Now that she knew what to tell the system to look for, it didn’t take her long to find what she sought.

Arthur shuffled out of their bedroom in his underwear, yawning and rubbing his eyes. “Claire?” he called, “How long have you been up?”

No answer came.

Muzzily concluding that her wifely ESP had as usual sent her to take over the bathroom just before he needed it, he mooched on into the kitchen to get some caffeinated brain-starter in him while he waited for his turn to use the plumbing. She always did this to him, her preemptive precognition also extending to magazines and newspapers, the phone, the vid remote, and the last beer in the fridge. These morning waits were the worst. There were times he thought his marriage vows should have been To have and to hold your water.
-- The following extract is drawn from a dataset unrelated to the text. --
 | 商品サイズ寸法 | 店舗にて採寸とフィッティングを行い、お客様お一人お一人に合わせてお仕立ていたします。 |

By the time he’d sucked down one cup of coffee she still hadn’t come out. Muttering dire threats in which the words mascara and maiming figured prominently under his breath, he went to hammer on the bathroom door.

“Claire? Hurry it up, will you?” he called, giving the door a smart rap. “Do your makeup—”
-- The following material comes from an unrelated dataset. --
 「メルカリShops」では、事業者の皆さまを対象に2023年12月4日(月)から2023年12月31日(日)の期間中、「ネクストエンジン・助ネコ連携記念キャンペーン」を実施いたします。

It swung open under his hand.

A tendril of unease curled through his innards when he saw that she wasn’t inside. After jittering anxiously from foot to foot while attending to urgent matters, he went looking for her in every one of the ship’s rooms.

“Don’t do this to me, Claire,” he begged, going to the pilot’s station by the bay window and signaling Maud’s ship to see if she had gone over there. The craft reported itself to be unoccupied.

He headed for the science station at close to a dead run. There he found a note posted on one of the screens. It read Seed you later, husbandator!

“No,” he moaned, shaking his head from side to side in denial. “You wouldn’t. You couldn’t.”

Fearing the worst, he instructed the system to backtrack through the most recent recordings made of the area outside to prove to himself she couldn’t possibly have done anything as crazy as what he suspected.